Small towns have always been fascinating material for film makers. Because a lot of us live in big cities where our neighbors might as well be strangers until they play their music too loud and then they become the personification of everything you hate, you should really just talk to them, they’d turn it down, the idea of a place where every one knows each other becomes quite heart warming. But because we like to be right, we like the idea that they are just rotten as our big cities. The latest take on small towns is Three Billboards Outside Ebbing, Missouri. But will a five star review be on it’s billboard?

With the murder of Mildred’s (Frances McDormand, Fargo) daughter Angela (Kathryn Newton, Big Little Lies) still being unresolved months after it happened, she decides to do something. Three billboards just outside the town of Ebbing are then put up which ask Chief Willougby (Woody Harrelson, True Detective) why the local police force has not done anything.

This movie is a bit different to the trailers. Perhaps trying to take advantage of the news over the last few years, the movie makes it seem like this is going to be an honourable women taking on a racist corrupt police force which would rather arrest black people for minor crimes than deal with anything that might be uncomfortable to them. There’s definitely that subtext to this film, black people are shown to be getting arrested for the tiniest violations, but that’s now what the movie is about. This is a film about anger. Yes, some of that anger is aimed at the police. Some that anger is aimed at Mildred. There’s a lot of anger and most of it is justified. The movie then moves onto how we use that anger. Mildred uses it to make one big statement that causes a huge uproar in this little Missouri town which mostly respect the police, especially as Chief Willoughby seems to be a decent bloke. However she also sometimes uses it to drill into the dentist’s thumb nail. Swings and roundabouts.

And just so we can get rid of this idea, Mildred is not an honourable woman. She has plenty of justified anger over the fact her daughter’s rape and murder has not been solved but then again, it appears that the police have done everything they can. And even though she knew Ebbing’s worst kept secret that Chief Willoughby is actually dying of pancreatic cancer, she’s still willing to pile more stress onto him and his family by putting up this billboards that deliberately target him and not just the police as a whole. She attacks people, including the whole drilling into a thumb nail thing which yes she was provoked for but it was still a bit much, and is mean to everyone. She doesn’t even consider her son Robbie’s (Lucas Hedges, Manchester by the Sea) feelings when putting up the billboards as for him this just brings back his grief for Angela all over again. She is not a good woman even if you agree with what she’s doing.

And while the police certainly aren’t perfect either, they aren’t made out to be devils. As I’ve mentioned earlier in the review, Chief Willoughby is actually quite a reasonable person. Yes he wants those billboards taken down, but it does appear he’s done everything he can to solve the murder of Angela and that the reason there has been no arrests is because of a lack of evidence rather than a lack of effort. But again, the police aren’t shown to be perfect. The force as a whole is a rabble, with the people below Willoughby either being incompetent or just psychotically racist and angry. Hey look, there’s that anger theme again. It’s these shades of grey which make the film fascinating to watch as you are never sure what side to take, or even if you should take a side.

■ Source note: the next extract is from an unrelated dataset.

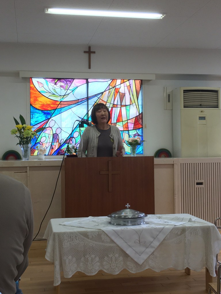 子ども説教はふみこさん 証は松下さん 主の晩餐の進行はちづこさん 配さんと応答の…

This is all aided by some brilliant performances. Frances McDormand always puts in great performances but I can’t remember the last time she was given a chance at a starring role. Usually she’s just stealing scenes as smaller parts in someone else’s story. But with the camera solely focused on her, she excels. She is excellent as this rather dour woman who is being torn apart on the inside but is desperate not to show it as she wages war with the police and the rest of the town. She definitely deserves that nomination for Best Actress at the Golden Globes and I wouldn’t be surprised if she got it.

My only issue is that I think the movie runs too long. This movie isn’t one that goes on forever, it clocks in at just under two hours, it’s just one that would have been better served by ending about twenty minutes earlier. There’s actually a scene I thought was going to be the ending as all the loose ends had been tied up and it would have even had a successful redemptive arc for one of the more despicable characters in this movie. But the movie decides to roll on after that and I would have been ok with that if it found something to do with that time. But instead it merely meanders until it gets to the real ending, which admittedly is still good and actually rather interesting. It did leave a sour taste in the mouth though as it is about 15 minutes where the film has to awkwardly movie pieces around to make that finale work.

But despite that, Three Billboards Outside Ebbing, Missouri is still a very powerful movie about anger and how people use that emotion. It shows a woman being angry at the lack of closure over her dead daughter, a police force angry at being attacked, a town angry that someone attack one of its senior figures and all sorts of other reasons to be angry about. Yes it does run too long but that doesn’t stop the rest of the film being one of the most thought provoking pieces in recent times.